Ray Kurzweil – How the World Will Change - jonbaer
http://genius.com/Ray-kurzweil-how-the-world-will-change-annotated
======
simonebrunozzi
1) Self-driving cars by 2017: 4 years ago I have "predicted" (with friends)
that Singapore will be the first nation to fully embrace self-driving cars.
The impact on real estate costs, and how people spend their time, will be
huge. 2017 is just around the corner; I doubt that we will see a significant
metropolitan area adopt self-driving cars as Ray suggests. Perhaps 2018 or
2019?

2) Personal assistant search engines by 2018: I think there will be the rise
of a personal AI that will help us do many things and act as the main
interface to the connected world; ONE thing this AI will do is help us perform
search engines. Ray implies that this will happen in 2018. I have no idea. It
seems extremely hard. I would guess 2020 or 2021?

3) Switch off our fat cells by 2020: I am scared by this.
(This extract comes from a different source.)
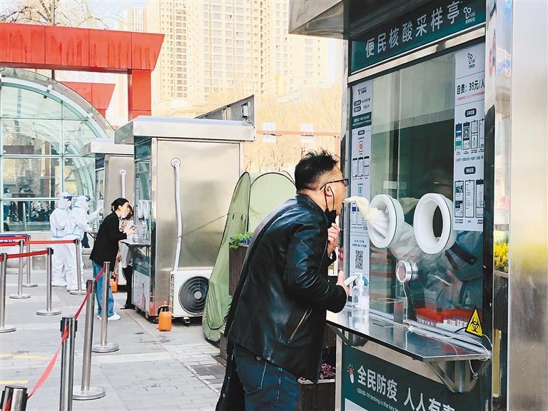 3月8日,在小寨天桥西北角,市民正在排队进行核酸检测。据了解,此处设立的4个便民核酸采样亭近期向市民提供24小时免费核酸检测服务。
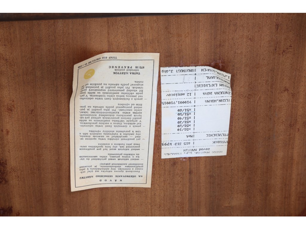 Retro, socialismus. Konstrukčně stabilní, čalounění místy znečištěné. Používané, stav viz foto. Rozměry: výška 84 cm, šířka 41 cm, délka 41 cm.

The reason is
simple: there are huge economic interests around health and nutrition, and any
medicine that can seamlessly help people reduce their fat and become lean is
so dangerous. What will the implications be for our health?

4) Click and print designer clothes at home by 2020: I think Ray is wrong
here. The ability to print clothes that have the same quality/design/motives
of normal clothes is quite hard. Perhaps it will work for simple ones.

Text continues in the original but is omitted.